The NSF award supports research designed to prevent sexual harassment during undergraduate field-based courses. The research team will develop evidence-based practices and policies that field school directors can implement to prevent sexual harassment and make field schools safer and more inclusive for undergraduate students who aspire to become archeologists.
The researchers emphasize that sexual harassment might be one factor contributing to fewer undergraduate students among underrepresented groups in field-based sciences, technology, engineering and math, the STEM fields.
"If students, particularly those who identify with groups underrepresented in STEM, are harassed or assaulted, they may decide to leave the scientific community altogether," Drexler said. "When this occurs, science loses the diversity of intellectual thought and personal experiences that these students have brought to the field, and their potential to serve as role models and mentors to the next generation of diverse scholars."
During the three-year grant period, the researchers will conduct landscape analysis, work with field directors and students to develop recommended practices, and help implement these practices by documenting how they help create a safer and more inclusive field learning environment.
Beahm is research station archeologist at the University of Arkansas-Winthrop Rockefeller Institute Station, and Drexler serves as station archeologist at the Southern Arkansas University research station.
Field directors interested in the project, can find more information at siuestemcenter.org/safe-field-schools.

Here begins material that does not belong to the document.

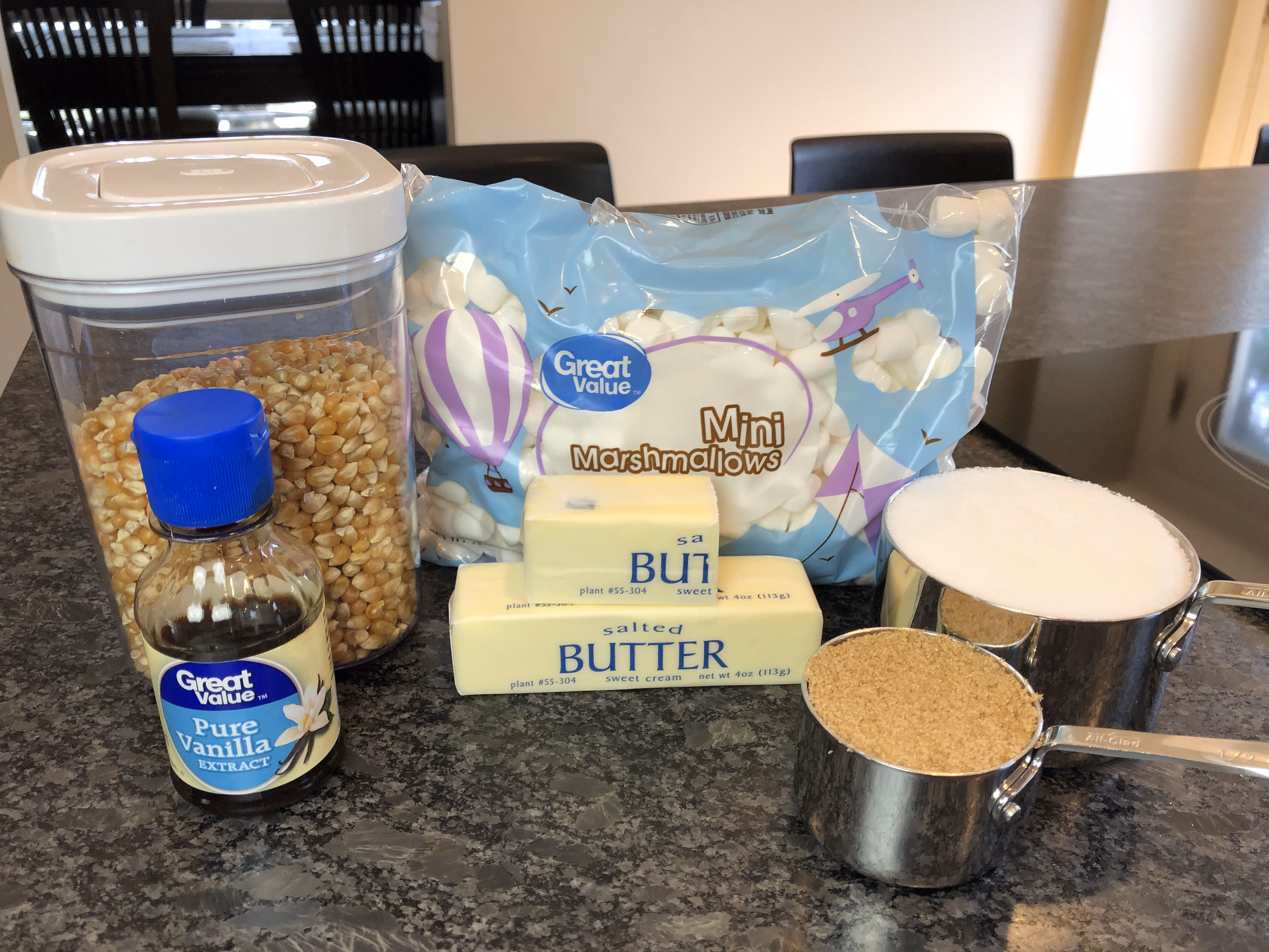 Gather your ingredients. You need popcorn kernels, butter, brown sugar, white sugar, marshmallows, and vanilla.

About the University of Arkansas: The University of Arkansas provides an internationally competitive education for undergraduate and graduate students in more than 200 academic programs. The university contributes new knowledge, economic development, basic and applied research, and creative activity while also providing service to academic and professional disciplines. The Carnegie Foundation classifies the University of Arkansas among fewer than 3 percent of colleges and universities in America that have the highest level of research activity. U.S. News & World Report ranks the University of Arkansas among its top American public research universities. Founded in 1871, the University of Arkansas comprises 10 colleges and schools and maintains a low student-to-faculty ratio that promotes personal attention and close mentoring.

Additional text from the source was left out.